US central bankers have been slammed for delaying their response to surging inflation and only starting to raise rates from nearly zero in March. But hikes starting in March of last year and continuing through the beginning of 2022 would have only shaved off 1 percentage point from inflation, while increasing unemployment by 2 percentage points, San Francisco Fed economist Regis (NYSE:RGS) Barnichon found.

“It may have been preferable to only moderately raise the federal funds rate during 2021, such that inflation would be only about 1 percentage point lower now, and unemployment would stand around 6%, about 2 percentage points higher, Barnichon wrote in a research letter published Tuesday. “The reason for this moderate policy reaction is rooted in the Fed’s dual mandate, such that any monetary policy aimed at containing inflation typically will take into account the response of unemployment.”

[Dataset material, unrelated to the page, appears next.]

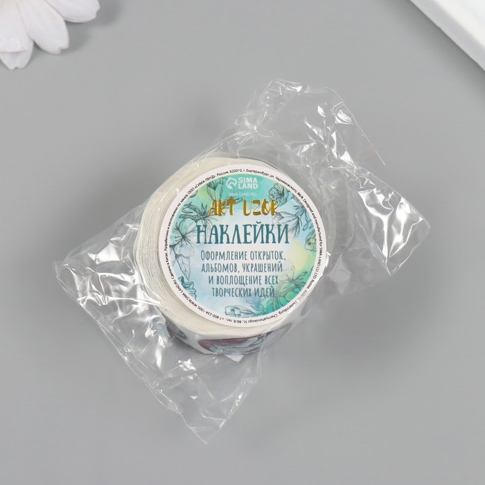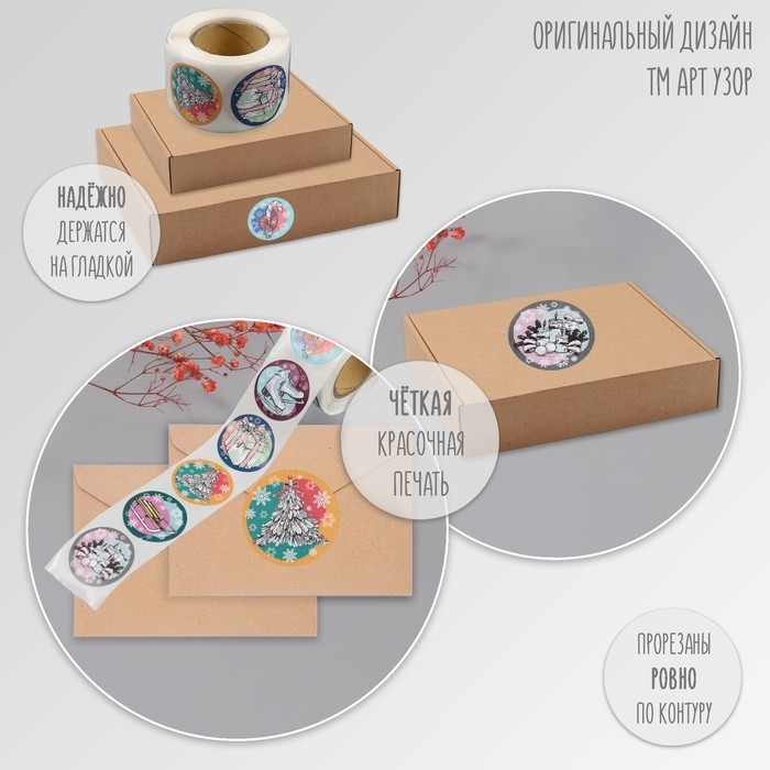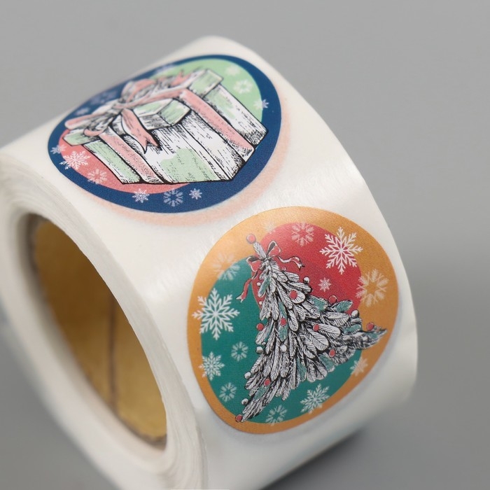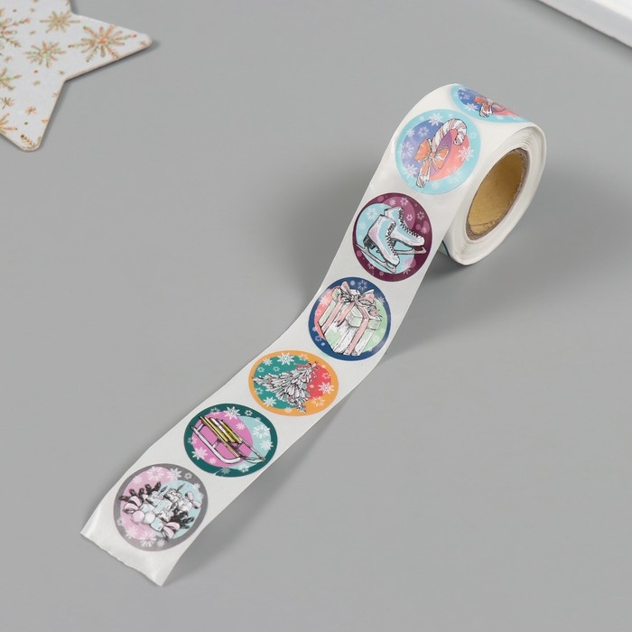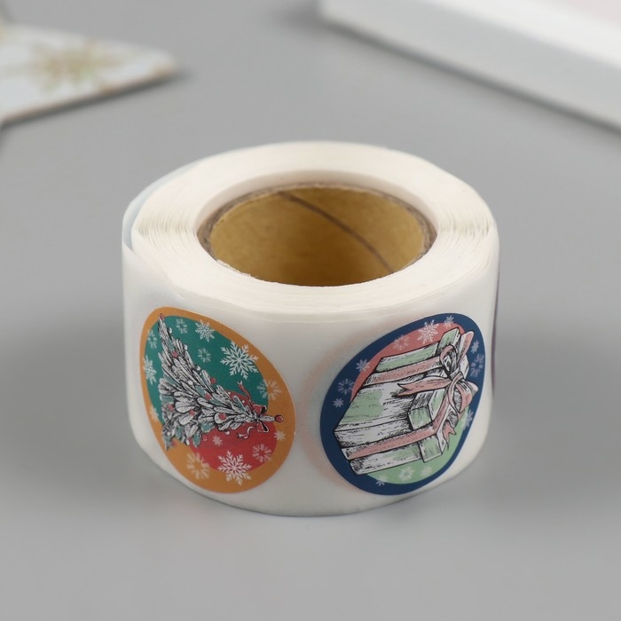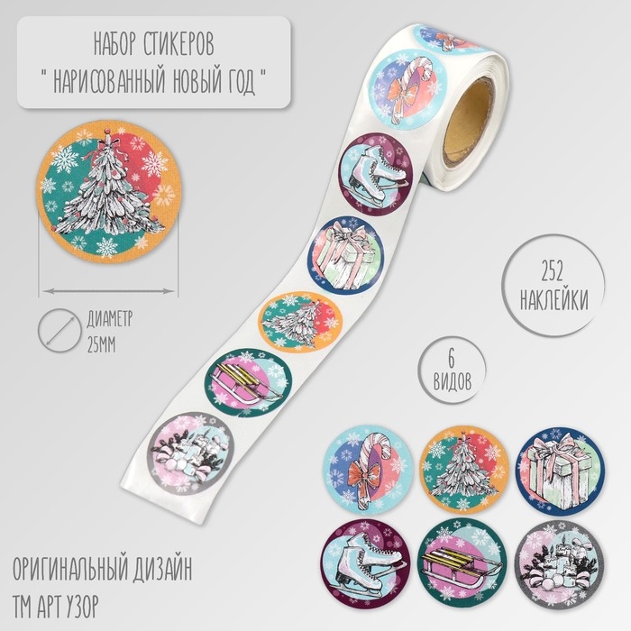 Наклейка бумага "Нарисованный Новый год" d=2,5 см 252 шт в рулоне
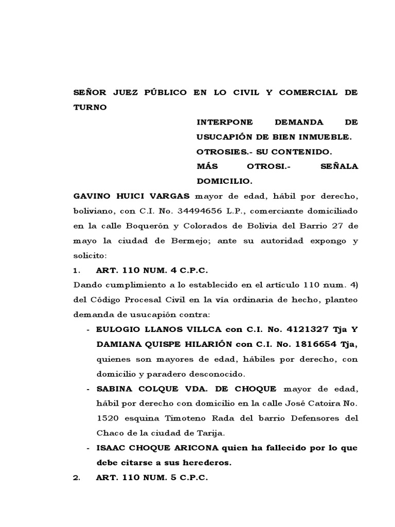 demanda de usucapión contra:

The Fed started raising rates in March of this year, first slowly and then increasing the size of its hikes over the summer. It delivered its third straight 75 basis point increase last month, lifting the target for its benchmark rate to a range of 3% to 3.25%. While headline consumer inflation slowed to 8.3% in August, the core measure increased to 6.3%, from 5.9% in July. Policymakers have said that price-pressure persistence means more rate increases are necessary. 

The study also points to monetary policy’s lags in affecting the economy. It takes at least one year for policy changes to impact inflation, Barnichon found. 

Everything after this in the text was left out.